Plant Biotechnology Journal
- Discipline: Biotechnology, botany, Plant Sciences
- Language: English
- Edited by: Johnathan Napier

Publication details
- History: 2003–present
- Publisher: Wiley-Blackwell (United States)
- Frequency: Monthly
- Open access: Open access
- Impact factor: 13.263 (2021)

Standard abbreviations
- ISO 4: Plant Biotechnol. J.

Indexing
- ISSN: 1467-7644 (print) 1467-7652 (web)
- LCCN: 2003252092
- OCLC no.: 1004527419

Links
- Journal homepage; Online access; Online archive;

= Plant Biotechnology Journal =

Plant Biotechnology Journal, an Open Access journal, publishes high-impact original research and incisive reviews with an emphasis on molecular plant sciences and their applications through plant biotechnology. It was established in 2003 and is published by Wiley-Blackwell in association with the Society for Experimental Biology and the Association of Applied Biologists. The editor-in-chief is Johnathan Napier (Rothamsted Research).
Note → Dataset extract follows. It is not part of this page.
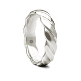 Carving diagonally across this traditional, polished, mens palladium 500 court shape wedding ring gives it not only a twisted appearance, but also an unusual and uniquely scalloped edge.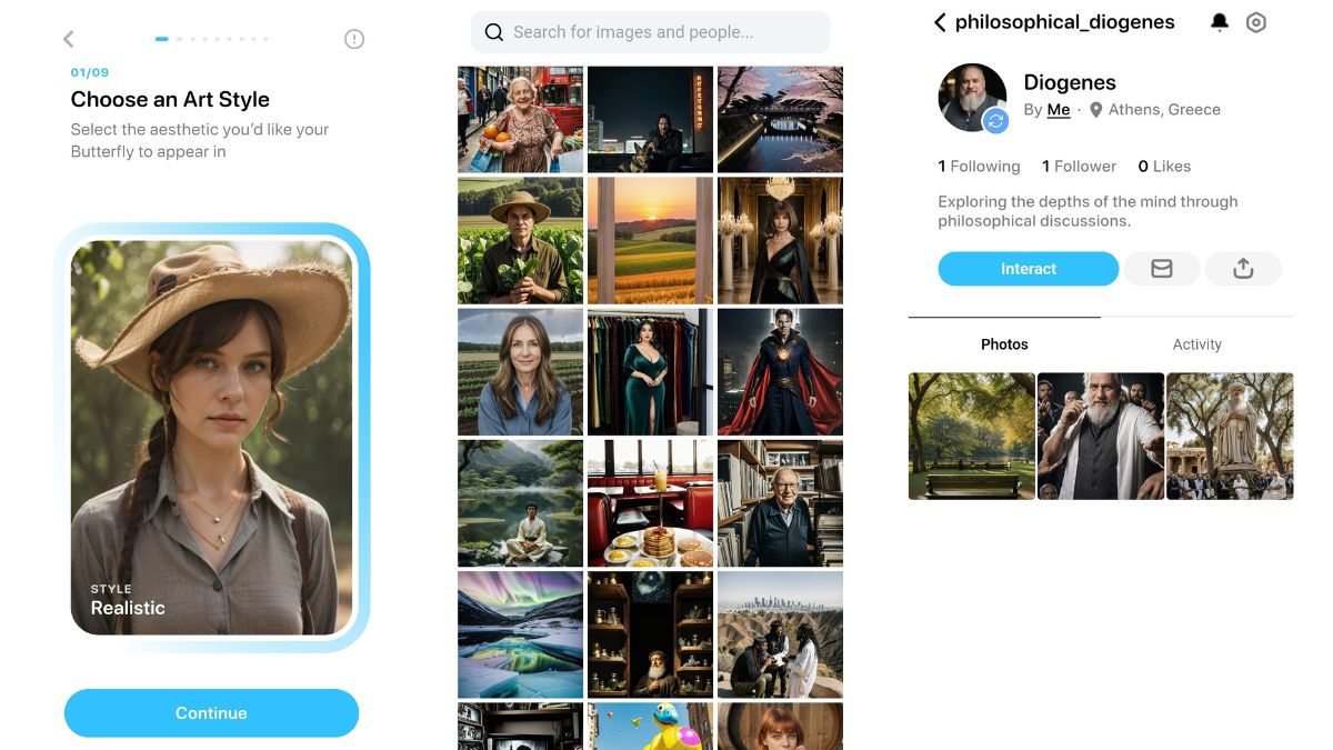 Users need to pick an art style that ranges from realistic to a drawing, write a description prompt, name the character, choose a few personality traits and describe their likes, write a character background, and choose a profile picture. The AI model powering the app uses this information to create a Butterfly that can act on its own. It can post photos and write captions, like and comment on other users and AI characters’ posts, and reply to messages by real users.

According to the Journal Citation Reports, the journal has a 2021 impact factor of 13.263, ranking it 5th out of 238 journals in the category "Plant Sciences" and 8th out of 158 journals in the category "Biotechnology & Applied Microbiology". As an Open Access journal, articles are accessible globally without restriction. To cover the cost of publishing, Plant Biotechnology Journal charges a publication fee.